Martha Lockridge spoke during the district's public participation period on behalf of Montessori Development Partnerships (MDP) and the Montessori Advisory Council and urged the Board of Education to protect the fidelity of Montessori programming in the Cleveland district.
Lockridge said the advisory council, formed in 2020 to steward a campus merger that created Stonebrook White Montessori, revised its governing regulations to support two schools and updated a memorandum of understanding it said is ready for the board to sign.
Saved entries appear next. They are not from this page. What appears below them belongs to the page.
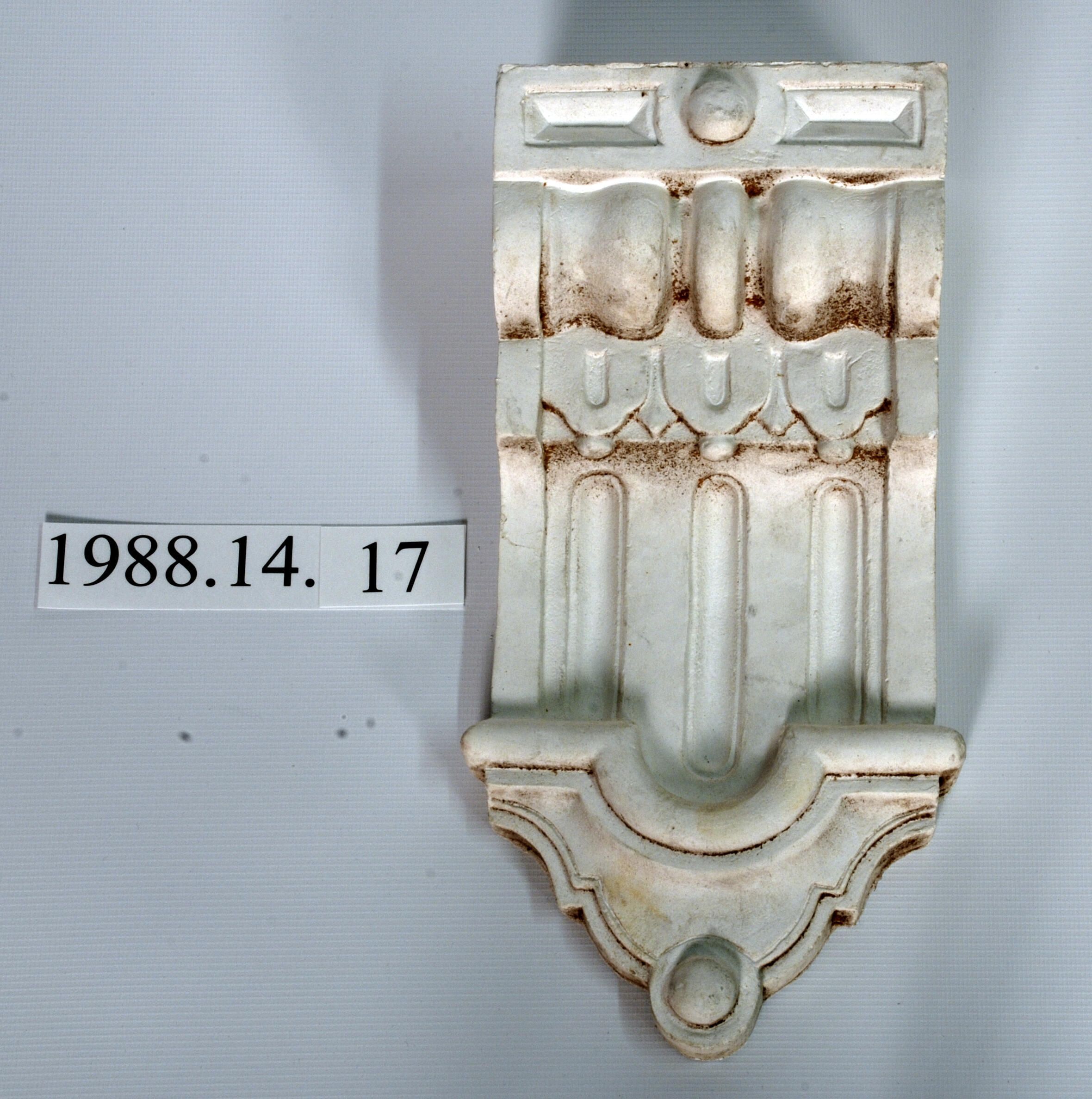 Reproduction molded plaster, classical revival style bracket. Half-turned molding. Dentil band. Vertical flutes, Pendant lower end.
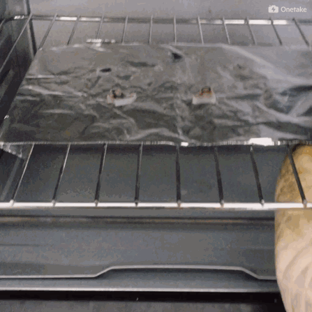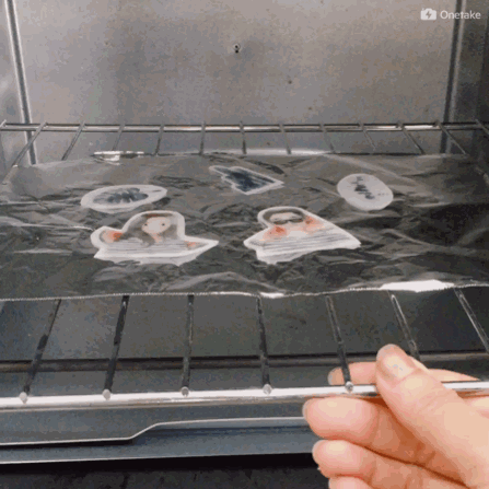 將剪好的熱縮片光滑面朝下,放入預(yù)熱到160°左右的烤箱中,加熱約10分鐘。
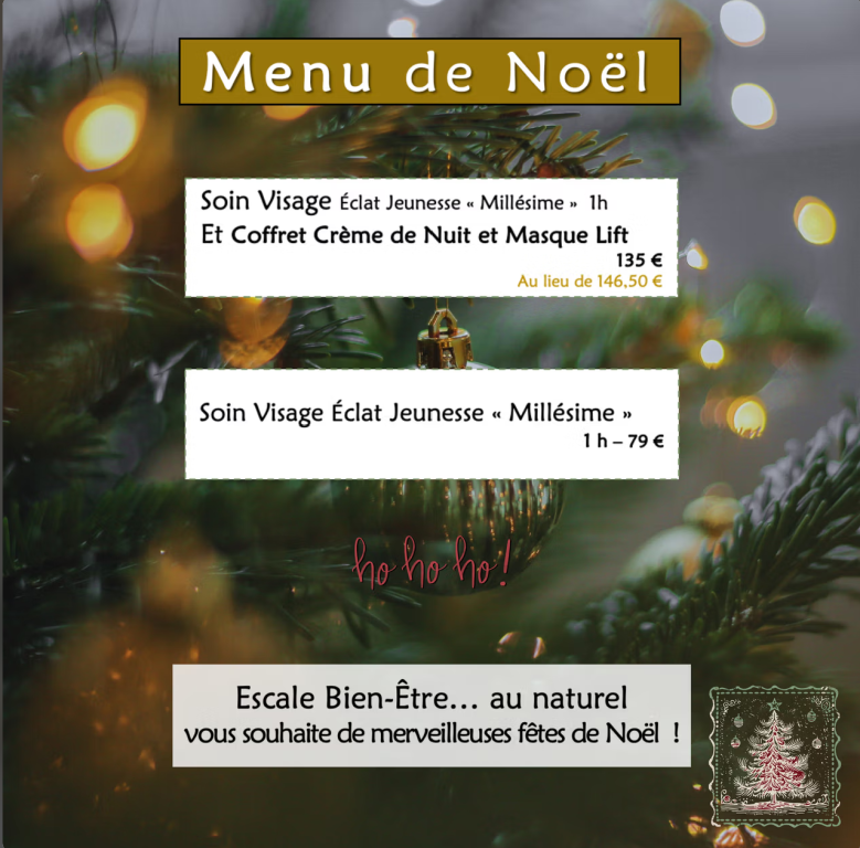 ✨Escale Bien-Être… au naturel dévoile son Menu de Noël : une sélection de soins et de produits pour faire plaisir à coup sûr ! Du cocooning, du naturel et du bien-être… pour tous les budgets ✨

She listed the five core components the council wants the board to protect: teacher training, three-year multi-age classrooms, use of Montessori materials, child-directed work and uninterrupted work periods.
"The Montessori Advisory Council's mission is to steward access to exceptional Montessori education in the Cleveland Metropolitan School District," Lockridge said. She added, "The students in Cleveland deserve a high fidelity Montessori, not Montessori inspired schools."
Concerns cited
Lockridge told the board she and fellow advocates have seen multiple practices that, in their view, reduce Montessori fidelity: moving teachers into different age groupings after those teachers completed training, classrooms that do not maintain a full three-year age span, and arrangements that require K–3 students to leave their building for lunch, which she said "takes away from learning and recess time."
Requested board action
Lockridge asked the board to "safeguard the integrity of the Montessori model by ensuring that all decisions pass through a Montessori lens before becoming final" and to hold central office staff and school-based leadership accountable for the five components she outlined. She cited Tremont Montessori's AMS accreditation as an example of a high-fidelity program in the district.
No formal board action on the request was taken during the meeting; the statement was part of the public participation period.
Speakers quoted or cited: "We request that the board safeguard the integrity of the Montessori model by ensuring that all decisions pass through a Montessori lens before becoming final," Martha Lockridge said. She also quoted the National Center for Montessori in the Public Sector: "Equitable, accessible, sustainable public Montessori programs have the power to disrupt racism, poverty and structural inequality and transform lives and societies for peace and justice."